The frequent appearance of queues of desperate motorists at filling stations in search of Premium Motor Spirit, otherwise known as petrol, could affect the Christmas and New Year festivities, oil marketers stated on Friday.
It was also gathered that oil marketers were now free to sell petrol at any rate as the Federal Government was no more restraining them from dispensing the commodity at a regulated price.
Fuel queues have continued to appear and disappear since January this year despite the hike in the cost of the commodity by oil marketers without any approval from the Federal Government or sanctions imposed on them.
Rather than speak on the matter, the Federal Government, through its Nigeria Midstream and Downstream Petroleum Regulatory Authority, chose to remain mute.
Officials of the agency neither answered calls, nor replied to text messages sent to their mobile phones on issues of the scarcity of petrol nationwide.
Similarly, the sole importer of PMS into the country, the Nigerian National Petroleum Company Limited, has refused to make any comment on the development.
The NMDPRA, in its report on product sufficiency on Thursday, however, claimed that there was 33.17-day sufficiency of PMS in the country as of November 24, 2022. It also stated that about 2.1 billion litres of petrol was in stock despite the widespread queues nationwide.
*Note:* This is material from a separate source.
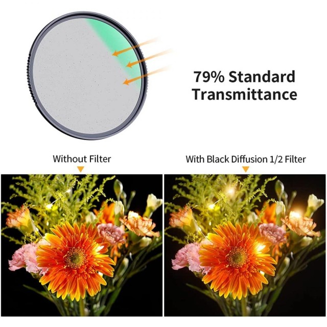 K&F Concept 72 mm-es fekete ködszűrő 1/2 Speciális effektek szűrő Ultra-tiszta többrétegű bevonattal, vízálló karcálló és tükröződésmentes Nano-X sorozat.

But oil marketers countered the government as they argued that there had been concerns around logistics and the supply of products by the national oil company and sole importer.
They also stated that some new charges had been introduced in the downstream oil sector, which had given rise to a hike in the ex-depot price of petrol, adding that all these concerns could further make the current fuel queues to linger beyond December.
“Recently, there have been a lot of charges that marketers pay. There are some charges that the NNPC adds to the pump price, but recently we were told to be prepared to bear freight charges and others,” a major marketer, who pleaded not to be named due to lack of authorisation, stated.
The official added, “Also, pipeline charges that used to be 50 kobo before, are now N1 per litre. Now, these charges force depot owners to increase their ex-depot rates as against the one proposed by the NNPC.
“These and more concerns have led to the crisis in the downstream sector and it may stretch till December or even beyond if nothing tangible is done to address the challenges.”
Asked if the government was no more concerned about the pump price of petrol, the marketer replied, “Nobody cares about how much you sell now. That is why you cannot see the NNPC ex-depot prices to be the same in all the depots.
“There are some changes in rates now, which the NNPC cannot accommodate and they have to push it to marketers to absorb. This is why you see people sell at different rates.”